A cybersecurity researcher shared the inner workings of an “Android malware family.” full hose.
In a report released last week, Axelle Apvrille, a researcher at Fortinet FortiGuard Labs, said the malware “implements malicious components directly within the Flutter code, marking a significant change.” .
Fluhorse was first documented by Checkpoint in early May 2023, detailing attacks against users in East Asia via malicious apps masquerading as ETC and VPBank Neo, popular in Taiwan and Vietnam. The first entry vector for malware is phishing.
The ultimate goal of this app is to steal credentials, credit card details and two-factor authentication (2FA) codes received as SMS to a remote server under the control of the attacker.

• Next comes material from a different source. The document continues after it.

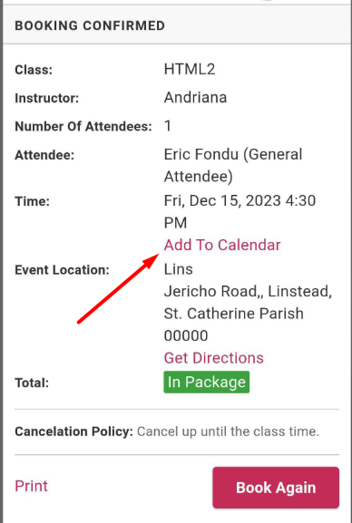 - Use the Book Again button to navigate to the class schedule page to book another class session

Fortinet’s latest research, which reverse-engineered a Fluhorse sample that was uploaded to VirusTotal on June 11, 2023, shows that the malware has evolved and incorporated further sophistication by hiding an encrypted payload in a packer. suggests that there are
“Decryption is performed at a native level (to enhance reverse engineering) using OpenSSL’s EVP encryption API,” explained Apvrille. The encryption algorithm is his AES-128-CBC, whose implementation uses the same hardcoded strings for the key and initialization vector (IV).
The decrypted payload, a ZIP file, contains a Dalvik executable (.dex). This file is installed on the device and listens for incoming SMS messages and spills them to a remote server.
“Unfortunately, we expect more malicious Flutter apps to be released in the future, so statically reversing Flutter applications is a breakthrough for antivirus researchers,” said Apvrille. says.